International Students: Social Security Number and Driver's License Issues

The Student and Exchange Visitor Program (SEVP) and U.S. Citizenship and Immigration Services’ Systematic Alien Verification for Entitlements (SAVE) Programs are aware of current difficulties that some F and M students have when applying for public benefit such as a Social Security number (SSN) or driver’s licenses.  The programs are working on a solution that will be implemented on September 14, 2012.  Read more at Study in the States and check back on September 14.

1 Comments:

At October 3, 2012 at 3:07:00 AM EDT , Anonymous Anonymous said...

Sir,

International students studying in the United States face a lot of problems at the American Consulates based otside the U.S. The USCIS and SEVIS help if one is within rules and the law but not so, at the American Consulates. I am sure the Consul General/Associates are not even aware of what's going on there right under their noses.

I had heard from others but now I have actually experienced it. USCIS is a Federal agency reporting to the President of the United States. USCIS allows transfer of status within the U.S. Yet genuine international students and dependent families are rejected visas for re-entry into the U.S. because VSF, an agency appointed by American Consulate refuse to accept and honor documents issued by USCIS.There are private agents offering 10 year B1/B2 visas for huge sums of money. Strange isn't it that people with no qualifications can easily get into the U.S.?

My husband is an adult student currently studying in the U.S. USCIS granted him transfer of status within the U.S. My daughter too is an international student on OPT. My mother was critically ill and her dying wish was to see us. She passed away a week ago. Before leaving the U.S. I had written to SEVIS and they replied that we can get our visas at the American Consulate and my daughter would have to show her employment letter to re-enter the U.S. VSF refused to accept her employment letter and my husband's and my I-94 (I am on dependent F2 status). My daughter had to argue with them to let them know that I-94 is an important document issued by USCIS and has to accompany the I-20. If the VSF agency appointed for this purpose does not even want to forward your relevant papers what should the applicants do? Yet, you find private agents' clerks walking into their office with 15/20 passports and no documents at all. What's really going on? If you argue with these people they mark you at the time of the interview. You cannot meet or contact any employee who is an American citizen who knows the USCIS laws to help you understand your case or see your valid documents. The determining officials are the locals who don't allow you to pass beyond them and are the sole authority. They don't even give their names.

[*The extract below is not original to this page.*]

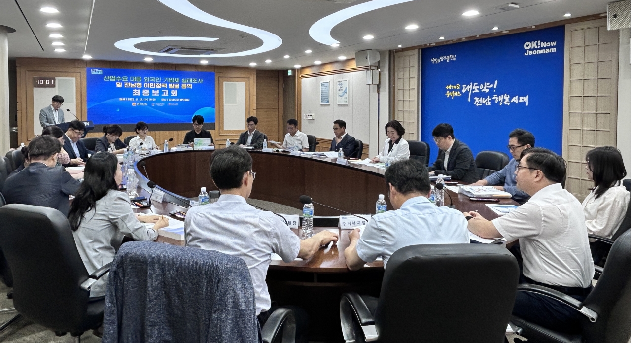 전라남도는 중장기 산업수요와 특성에 맞는 외국인력을 유치하고, 지역에 정착할 수 있는 방안 마련을 위해 ‘산업수요 대응 외국인·기업 실태조사 및 전남형 이민정책 모델 발굴 용역’ 최종보고회를 지난 24일 개최했다.

At the VSF office,there was this young mother who has her husband working in the U.S. on H1B. She had come back to her home country for her child's delivery. Her baby is four months old. She needed a visa for her child to re-enter the U.S. VSF were giving her a hard time with her papers. I can give you another example. At my daughter's university, a student from Delhi was rejected a visa to re-enter the U.S. to continue with his next semester. In May I met one Indian couple at a mall in New York and they had paid Rs.700,000 for their 10 year visas to an agent in Mumbai who knew a staff working there. They said they were asked no questions at the interview. All documents were prepared by the agent and even a false booking at an hotel in New York was made to show at the port of entry.

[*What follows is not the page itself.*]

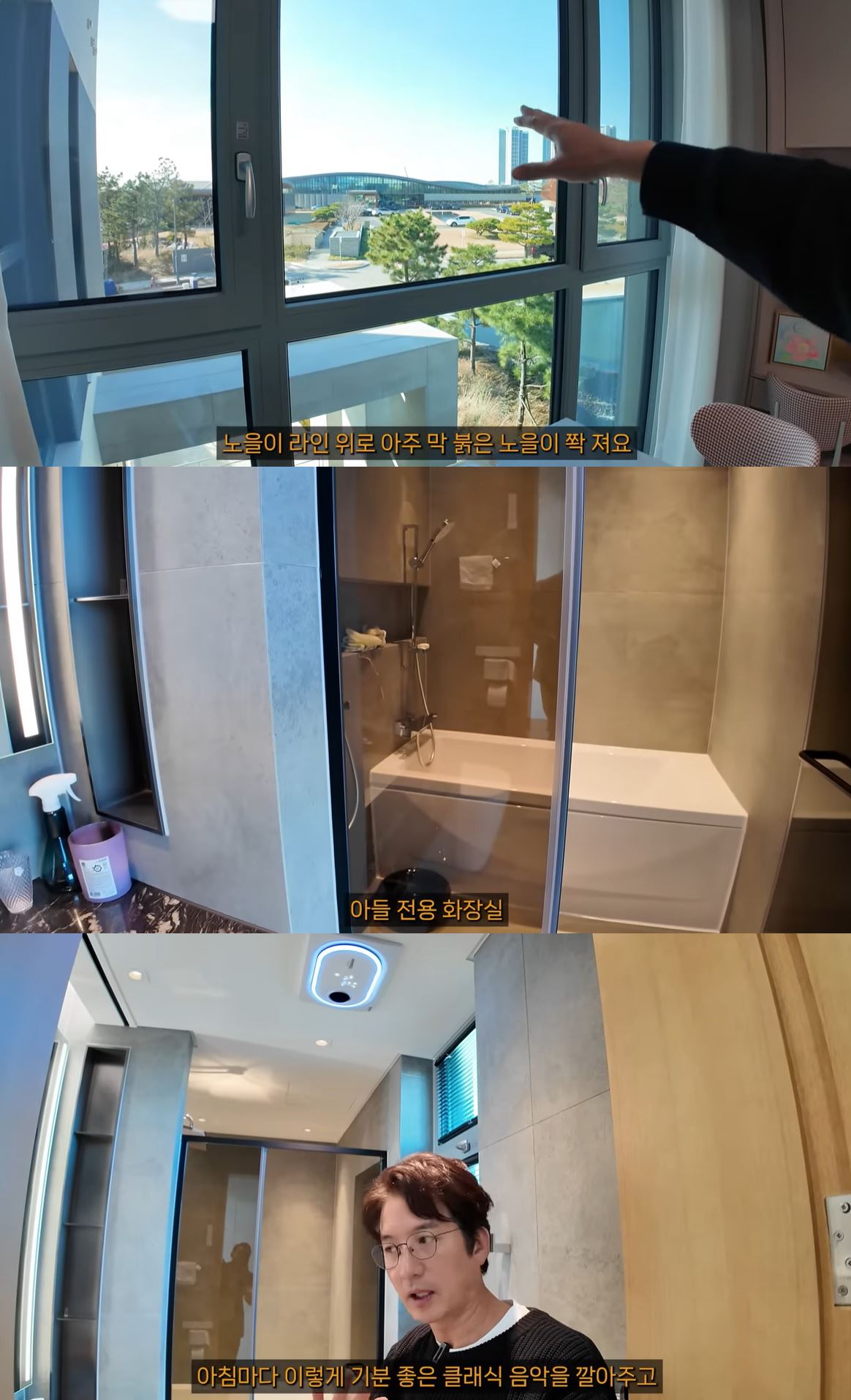더불어 아들 방 화장실에서는 클래식 음악이 흘러나와 눈길을 끌었다. 이에 대해선 "조명 자체에 많은 기능이 들어가 있다. 음악도 나오고 아침에 모닝콜도 해준다. 아침마다 클래식 음악 깔아준다"고 전해 눈길을 끌었다.

I think someone in the federal government needs to investigate into the working and connections of the VSF working for the American Consulate in India. The American Consultate should find ways to reduce visa fraud and ensure that genuine appliants are not harrassed or rejected re-entry. The DS-160 applications should be assessed by the American citizens within the U.S.and not by the local staff working at the American Consulates. This will enable the Consuls at the interviews to judge the genuineness of the applicants better. Also, it will reduce the rumors that it is the Amerian Consulate making money at the expense of the applicants, which is not true because I have lived with my family in America the last eight years and I have never had to pay any bribes to get any of our work done in the U.S.